Attached files
file | filename |
---|---|
EX-99.1 - Federal Home Loan Bank of Indianapolis | v186226_ex99-1.htm |
UNITED
STATES
SECURITIES
AND EXCHANGE COMMISSION
WASHINGTON,
DC 20549
__________________________________
FORM
8-K
_________________________________
CURRENT
REPORT
Pursuant
to Section 13 or 15(d) of the Securities Exchange Act of 1934
Date of
report (Date of earliest event reported): May 20, 2010
_________________________________
FEDERAL
HOME LOAN BANK OF INDIANAPOLIS
(EXACT
NAME OF REGISTRANT AS SPECIFIED IN ITS CHARTER)

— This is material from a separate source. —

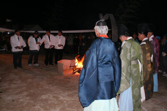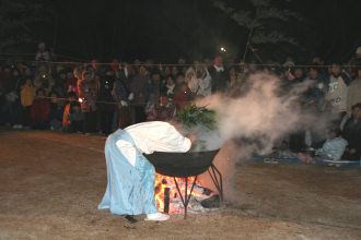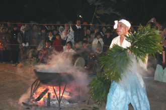 | 湯立て神楽 | 煮えたぎるお湯の中に向かって笹で湯を浴びます | |

________________________________
Federally
Chartered Corporation
(State
or other jurisdiction of incorporation)
|
000-51404
(Commission
File Number)
|
35-6001443
(IRS
Employer Identification No.)
|
8250
Woodfield Crossing Blvd.
Indianapolis
IN 46240
(Address
of Principal Executive Offices, including Zip Code)
(317)
465-0200
(Registrant’s
Telephone Number, Including Area Code)
________________________________
Check the
appropriate box below if the Form 8-K filing is intended to simultaneously
satisfy the filing obligation of the registrant under any of the following
provisions (see General Instruction A.2 below):
Item
5.02(e). Departure of Directors or Certain Officers; Election of
Directors; Appointment of Certain Officers; Compensatory Arrangements of Certain
Officers
On May 20, 2010, the board of directors
of the Federal Home Loan Bank of Indianapolis (the “Bank”) approved the offering
of a Key Employee Severance Agreement to Milton J. Miller, President and Chief
Executive Officer. A copy of the Key Employee Severance Agreement
(the “Agreement”), which was also executed on May 20, 2010, is included as
Exhibit 99.1 to this Current Report. The following discussion of terms of
the Agreement is qualified in its entirety by reference to the Agreement
itself.
The Agreement provides for a severance
payment and continued benefits if Mr. Miller’s employment terminates under
certain circumstances in connection with a “reorganization” (as defined in the
Agreement) of the Bank. In particular, under the terms of the
Agreement, if Mr. Miller terminates for “good reason” during a period
beginning 12 months before and ending 24 months after a reorganization, or
if he is terminated without “cause” during a period beginning 12 months before
and ending 24 months after a reorganization, Mr. Miller is entitled to a lump
sum payment equal to 2.0 times the average of his three preceding
years’:
·
|
Base
salary (less salary deferrals), bonus, and other cash compensation
paid;
|
·
|
Salary
deferrals and employer matching contributions under the Bank’s Defined
Contribution Plan and 2005 Supplemental Executive Thrift Plan;
and
|
·
|
Taxable
portion of automobile allowance, if
any.
|
Further, benefits under the Bank’s 2005
Supplemental Executive Retirement Plan would be calculated as if Mr.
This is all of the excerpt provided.